Only columns 0, 2 and 3 are important
Once documents are extracted they are added to elasticSearch.

In [None]:
doc_ids = set(qrels.values())
doc_ids = doc_ids.union(set(query_doc_top100.keys()))
docs_len = len(doc_ids)
docs = {}
with gzip.GzipFile(os.path.join(source_path,'msmarco-docs.tsv.gz'),'rb') as file:
    added_docs = 0
    try:
        while True:
            if added_docs == query_doc_top100_len:
                break
            line = next(file).decode('UTF-8').replace('\r\n','').split('\t')
            doc_id = line[0]
            if doc_id in query_doc_top100:
                doc= {'title':line[2].strip(),'body':line[3].strip()}
                docs[doc_id] = doc
                es.index(index=INDEX_NAME, id=doc_id, body=doc)
                added_docs +=1
                print(f'\rAdded {doc_id}, {added_docs} of {query_doc_top100_len}...',end='')
    except StopIteration:
        pass

Added D881082, 4477 of 400737....

In [None]:
out_path = os.path.join('..','out')
if not os.path.exists(out_path):
    os.mkdir(out_path)
save_picke(os.path.join(out_path,'query_samples.pickle'),query_samples)
save_picke(os.path.join(out_path,'query_doc_top100.picke'),query_doc_top100)
save_picke(os.path.join(out_path,'docs.picke'),docs)
save_picke(os.path.join(out_path,'qrels.picke'),qrels)
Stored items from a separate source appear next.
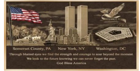
Maine American Legion Post 1390 Remembering 9/11
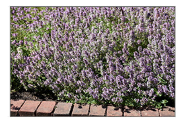
Common Thyme in bloom

Common Thyme is smothered in stunning clusters of pink flowers at the ends of the stems from early to mid summer. Its attractive tiny fragrant round leaves remain grayish green in color throughout the year.
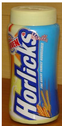
Vanilla HLX 145 MT
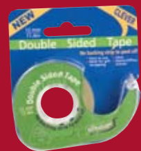
RT0970 12mm x 11.4m

As well as these Double Sided Tapes, we have our best selling General Purpose Tape, Sticky Foam Pads and Hook & Loop Pads.
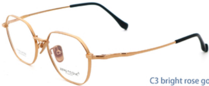
C3 bright rose gold 亮玫瑰金
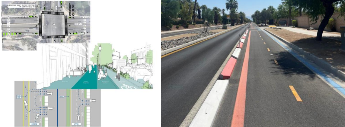
Figure 7: Roadway Design Considerations – Circulation Element Update
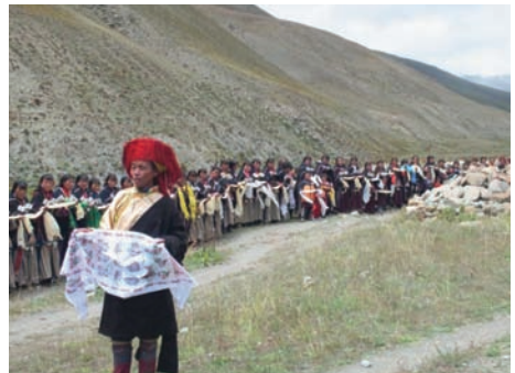
Waiting to greet the Great Lama
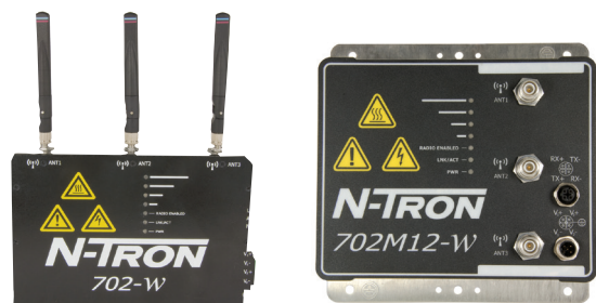
► N-Tron 702-W and 702M12-W Wi-Fi devices
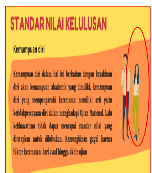
Figure 5. Reveal the meaning of the object.

Based on figure 5. It can be seen the lack of it that there are still some uses of objects that do not fit the meaning of the material contained in the infographic
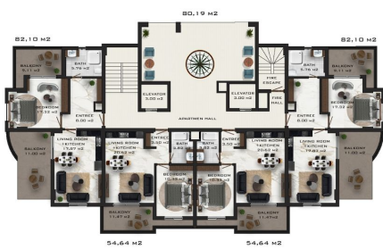
C BLOCK GROUND FLOOR PLAN (NORMAL KAT) SCALE 1/50
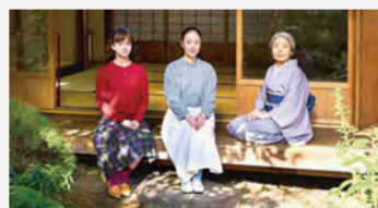
© 2018 "Nichi Nichi Kore Kojitsu" Production Committee
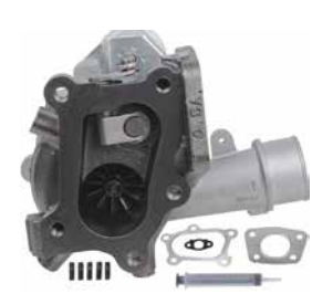
2T-750 - High Demand! 2007-11 Mazda CX-7, 2.3L
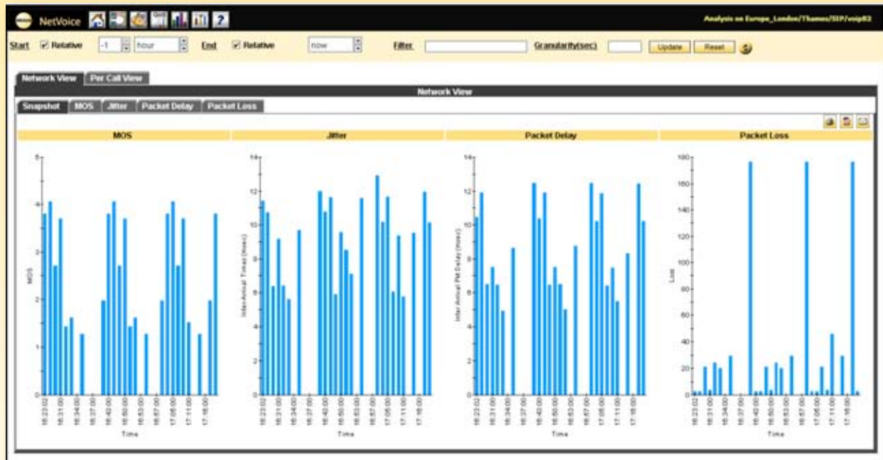
Figure 4: Hourly VoIP traffic load showing MOS, jitter, packet delay and packet loss
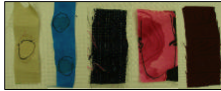
Figure 1: Various fabrics that were used in extraction procedure, from left to right, fabrics 1 thru 5.

As a final step in evaluating which DNA extraction method worked best for our lab, a cost per sample analysis was performed based on list price (table 4). ForensicGem was lowest in price, while Qiagen MicroPrep and Organic extractions were highest in price.

# Section VII - Query analytics and feature extraction algorithms

In [97]:
def analyze_query(es, query, field, index='ms-marco'):
    """Analyzes a query with respect to the relevant index.

    Arguments:
        es: Elasticsearch object instance.
        query: String of query terms.
        field: The field with respect to which the query is analyzed.
        index: Name of the index with respect to which the query is analyzed.

    Returns:
        A list of query terms that exist in the specified field among the documents in the index.
    """
    tokens = es.indices.analyze(index=index, body={'text': query})['tokens']
    query_terms = []
    for t in sorted(tokens, key=lambda x: x['position']):
        ## Use a boolean query to find at least one document that contains the term.
        hits = es.search(index=index, body={'query': {'match': {field: t['token']}}},
                         _source=False, size=1).get('hits', {}).get('hits', {})
        doc_id = hits[0]['_id'] if len(hits) > 0 else None
        if doc_id is None:
            continue
        query_terms.append(t['token'])
    return query_terms


def get_doc_term_freqs(es, doc_id, field, index='toy_index'):
    """Gets the term frequencies of a field of an indexed document.

    Arguments:
        es: Elasticsearch object instance.
        doc_id: Document identifier with which the document is indexed.
        field: Field of document to consider for term frequencies.
        index: Name of the index where document is indexed.

    Returns:
        Dictionary of terms and their respective term frequencies in the field and document.
    """
    tv = es.termvectors(index=index, id=doc_id, fields=field, term_statistics=True)
    if tv['_id'] != doc_id:
        return None
    print(tv)
    if field not in tv['term_vectors']:
        return None
    term_freqs = {}
    for term, term_stat in tv['term_vectors'][field]['terms'].items():
        term_freqs[term] = term_stat['term_freq']
    return term_freqs


def get_query_term_freqs(es, query_terms):
    """Gets the term frequencies of a list of query terms.

    Arguments:
        es: Elasticsearch object instance.
        query_terms: List of query terms, analyzed using `analyze_query` with respect to some relevant index.

    Returns:
        A list of query terms that exist in the specified field among the documents in the index.
    """
    c = Counter()
    for term in query_terms:
        c[term] += 1
    return dict(c)


def extract_query_features(query_terms, es, index='toy_index'):
    """Extracts features of a query.

        Arguments:
            query_terms: List of analyzed query terms.
            es: Elasticsearch object instance.
            index: Name of relevant index on the running Elasticsearch service.
        Returns:
            Dictionary with keys 'query_length', 'query_sum_idf', 'query_max_idf', and 'query_avg_idf'.
    """
    q_features = {}

    if len(query_terms) == 0:
        q_features['query_length'] = 0
        q_features['query_sum_idf'] = 0
        q_features['query_max_idf'] = 0
        q_features['query_avg_idf'] = 0
        return q_features

    q_features['query_length'] = len(query_terms)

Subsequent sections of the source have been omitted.